Positionné à droite dans le 4-4-2 des Bleus, Ménez ne prendrait sa pleine mesure que dans un rôle de finisseur ou de joueur de profondeur. Impossible et inutile de lui demander d'apporter la même chose que Valbuena. Son rapport au couloir droit changerait complètement. A l'aise dans les duels, surtout à pleine vitesse, le Parisien aurait certainement plus d'atouts à faire valoir que le Marseillais s'il venait à être lancé en profondeur sur l'aile, que ce soit par son latéral ou par un milieu de terrain. Les Bleus auraient donc la possibilité d'envoyer un jeu direct, usant de Ménez comme véritable ailier avec les duels à disputer et les actions en solitaire qui vont avec. Qui dit jeu direct dans la profondeur entraîne aussi un latéral qui n'a pas à se découvrir sur ces phases de jeu. Ce contexte permettrait de libérer un milieu axial sans avoir à découvrir les Bleus derrière. Ils conserveraient quatre joueurs en couverture (trois défenseurs et un milieu de terrain).

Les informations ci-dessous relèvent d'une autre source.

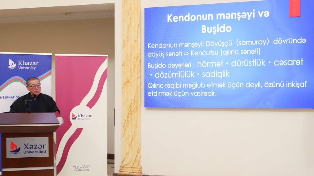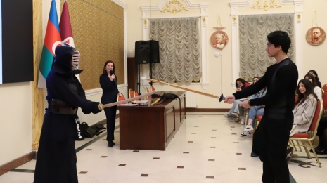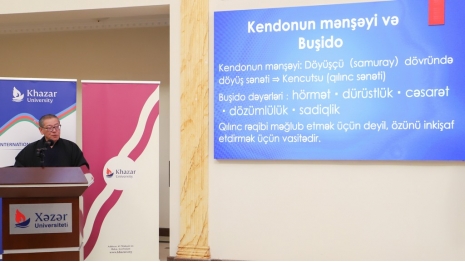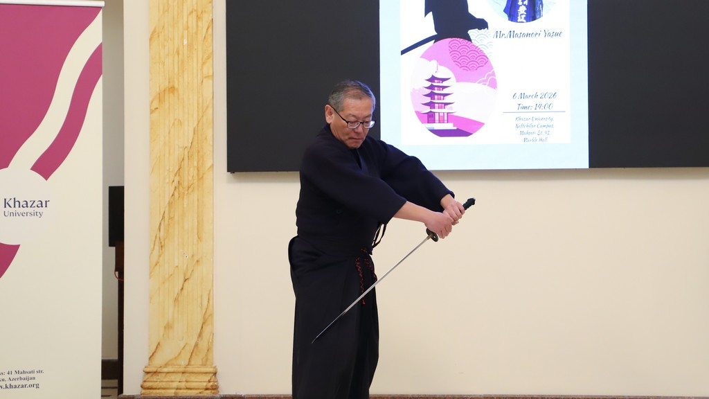 On March 6, 2026, a seminar-format event dedicated to the sport of kendo was held in the Marble Hall of Khazar University, organized by the Embassy of Japan in Azerbaijan. The event was attended by kendo specialist Masanori Yasue and students of Khazar University.

Au-delà de son impact en tant que véritable ailier, Ménez pourrait aussi devenir le complément des attaquants. Son inutilité dans les phases de construction serait naturellement compensé par les décrochages et les déplacements d'un attaquant (Benzema). Dans ces conditions, Didier Deschamps lui demanderait sans doute de se comporter comme un attaquant et de multiplier les courses en profondeur pour être présent à la finition des actions, et compenser l'absence d'une pointe. Autre possibilité du même ordre, la présence de Ménez à droite pourrait pousser les Bleus à construire leurs attaques sur l'aile gauche. Ménez deviendrait alors une arme à utiliser en fin de mouvement, après un renversement de jeu afin de lui créer des situations de un-contre-un sur son aile.
Conclusion :
Pour peu que Didier Deschamps souhaite mettre ses joueurs dans les mêmes conditions qu'en club, le choix du milieu droit pourrait donc complètement transformer l'animation des Bleus. Une titularisation de Valbuena permettrait aux attaquants de se concentrer sur leur tâche première, mais nécessiterait beaucoup de justesse dans les échanges au milieu de terrain pour créer les décalages. A l'inverse, le choix de Ménez apporterait sans doute plus de vitesse, de percussion et de profondeur au jeu des Bleus, si tant est que la construction française lui offre des positions idéales pour se montrer sous son meilleur jour.
Et après, l'association ? Au vu de leurs profils opposés, Didier Deschamps sera peut-être amené à tester les deux hommes ensemble sous le maillot bleu. Depuis le début de saison, Valbuena excelle au poste de soutien à l'attaquant tandis que Ménez se montre régulièrement intéressant dans son rôle d'accélérateur avec le PSG. Mettre le Marseillais dans des conditions similaires à celles qu'il connaît à Marseille, mais avec des partenaires de plus haut niveau (Ribéry à gauche, Benzema en pointe, Ménez à droite) pourrait être l'un des tests à faire pour une équipe de France qui trouvera certainement son salut dans sa capacité à maîtriser plusieurs formules offensives.